Eileen remembers college years as so idyllic because of the modern social living structure her friends created in a shared space, where “[i]n the evenings Alice sometimes read aloud the good jokes from her manuscript while Eileen was cooking dinner” (31). The friend group lived close together out of necessity, and they became like a family. Close living quarters amplify a sense of personal connection, and so the spread of Eileen’s friends post-college alarms her: It feels like losing another family as members are drawn away by careers or finances. As the material living conditions of capitalism scatter the friends, Eileen romanticizes those early days as a life spent discussing philosophies and theories that promised an infinity of imagined possibilities for their lives.

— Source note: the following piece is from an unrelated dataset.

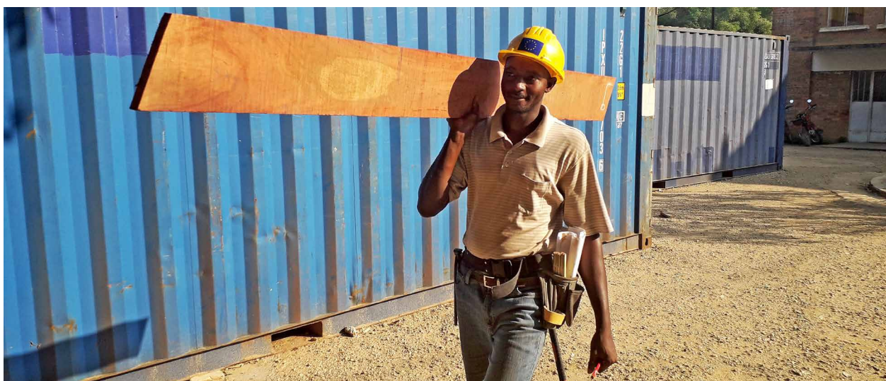
Ouvrier dans un chantier public de construction de l'Université de Kisangani, RDC

Contributeurs : Vincent Medjibé (4), Nicolas Bayol (5), Edouard Essiane Mendoula (1), Silvia Ferrari (1), Quentin Jungers (6), Florence Palla (7), Didier Bastin (8)

Alice briefly worries that she is being “undialectical” in her philosophizing to Eileen, meaning Marxist principles guide her questions about philosophy and the material conditions of reality. Dialectical materialism is a Marxist philosophy wherein history progresses through a struggle between economic forces, namely class conflict. The philosophy also holds that knowledge and truth are only graspable through “lived experience” within material reality; the truth is not something “out there” that can be apprehended through pure intellect, and the essence of historical existence arises from material circumstances rather than the realm of the intellect. This latter point is especially significant to an irony in Alice’s character, as she habitually intellectualizes her experiences in order to mitigate personal vulnerability and to hold painful emotions at bay. She may espouse lofty Marxist ideals, but she often prefers an unlived experience. Rooney shows a sense of humor, maybe even a subtle satiric edge, through characters whose actual humanity and heartfelt desires confound their intellectual pronouncements.
Eileen, meanwhile, blames her own interpersonal failings for her depression instead of considering a bloated capitalist society that reduces human life to a profitable resource. She is too emotionally overwhelmed with her depression to escape through intellectualizing.
Alice notes that the Dublin sky looms over the city like a “memento mori,” as if equalizing all of humanity through mortality and the impending doom of civilization. The cityscape here holds an impression of loneliness due to the sheer expanse of an empty sky that, in its unlimited scope, aids in creating a feeling of “discontinuous” temporality. Cityscapes, in other words, are a motif highlighting both the bustling of lived humanity and the isolation of urban capitalist living.